出典: フリー百科事典『ウィキペディア(Wikipedia)』 (2017/02/11 14:38 UTC 版)

TR-Iロケット(ティーアールワン)は、宇宙開発事業団(NASDA、現宇宙航空研究開発機構JAXA)がH-IIロケットの開発のために開発・運用した単段式の固体燃料ロケットである。検討時の名称はTR-1100

概要

1985年から開発が推進された機体である。固体ロケット案と液体ロケット案が検討された後、1986年に固体ロケット案が選定された。

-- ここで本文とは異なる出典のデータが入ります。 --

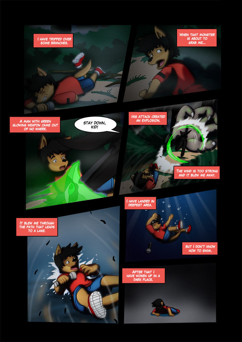 About to be taken or eaten, a stranger had burst in and saved Joey... I think. Let's hope he can get out of the water, cause fire starters at youth have hard time swimming since energy is consumed as water weaken fire.
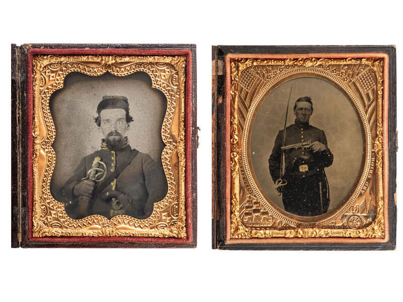 [CIVIL WAR]. 2 sixth plate portraits of cavalrymen armed with sabers and revolvers.
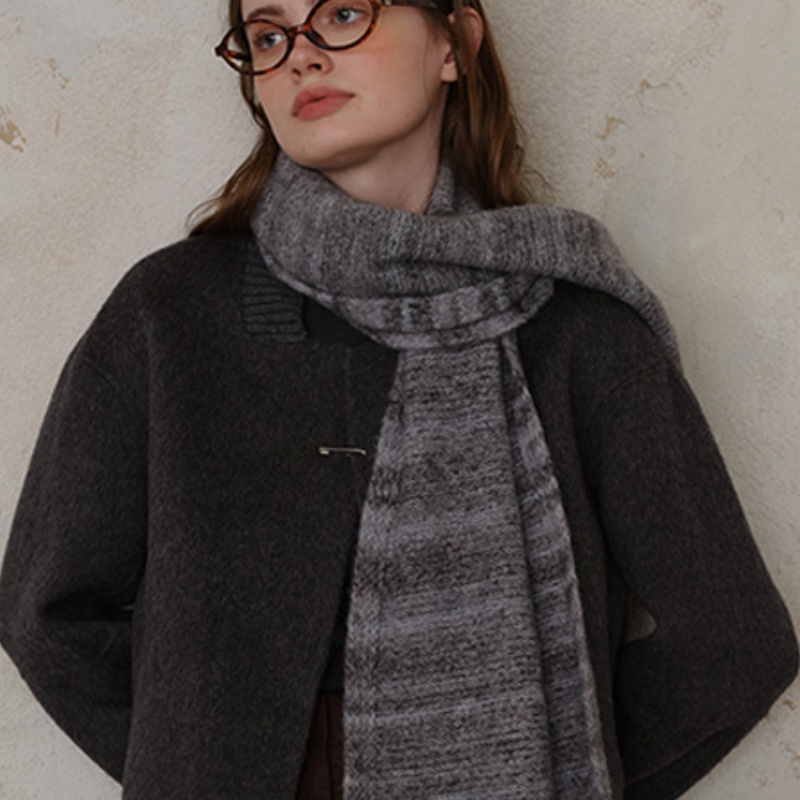 In terms of material, the scarf appears relatively thick. It is made of high-quality wool with excellent thermal insulation performance, which can provide good warmth in cold weather. Its overall shape is simple and elegant, with a moderate length and a good drape. It naturally hangs in front of the body and can be used as a practical item for daily warmth.

1987年末に最終仕様が決定され、1988年9月8日に1号機が飛翔している。

H-IIロケット開発に必要なSRB分離機構や空力加熱、音響・振動等のデータを取得するための1/4スケールモデルであり、他に低コストで手軽に打ち上げられるロケット構成機器の開発や適切な信頼度を持つロケットシステム技術を修得する目的も併せ持っていた。宇宙科学研究所ミューロケットで実績のある小型固体燃料ロケットによるロール制御装置(SMRC)が尾翼に搭載されているものの、ピッチ及びヨー方向の制御能力は持っていない。これはテレメータ装置の電波リンク確保のための設計である。また、より詳細なデータの取得のために片側ダミーSRB上部にパラシュートを用いた回収装置が搭載されている。

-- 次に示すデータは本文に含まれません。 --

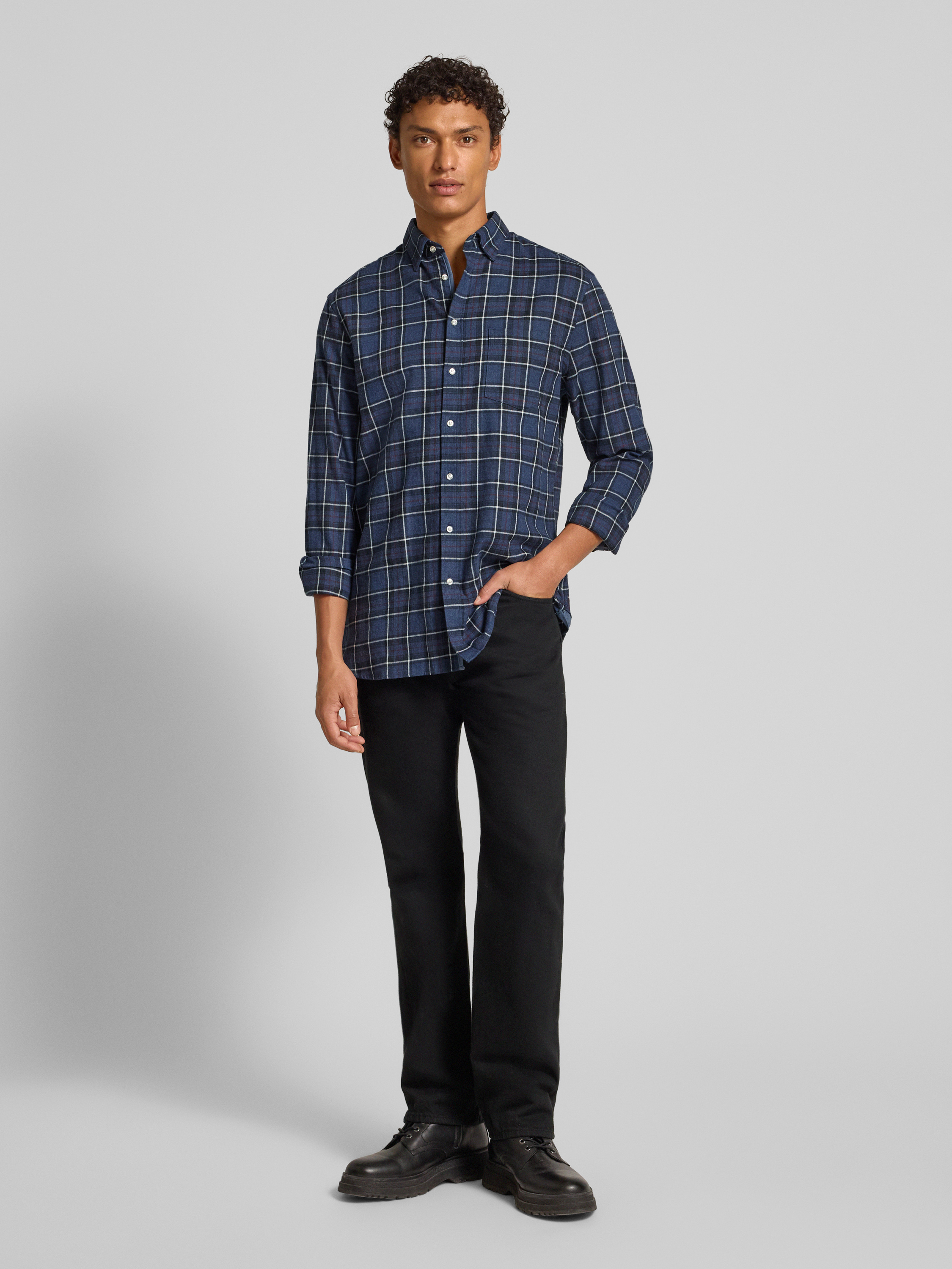Regular fit vrijetijdsoverhemd met kentkraag in jeansblauw gemêleerd

TR-Iロケットに、機器の回収を容易にするため動翼を用いた姿勢制御機能を付加し、実験機器を格納できるペイロードを設け、発展させた機体がTR-IAロケットである。さらにその発展型として小型HOPE実験及び小型人工衛星打ち上げ用のTR-Xロケットが計画されていた。また、H-IIロケット3号機の固体補助ロケットSSBはTR-Iロケットのコアモータとほぼ同一のものである。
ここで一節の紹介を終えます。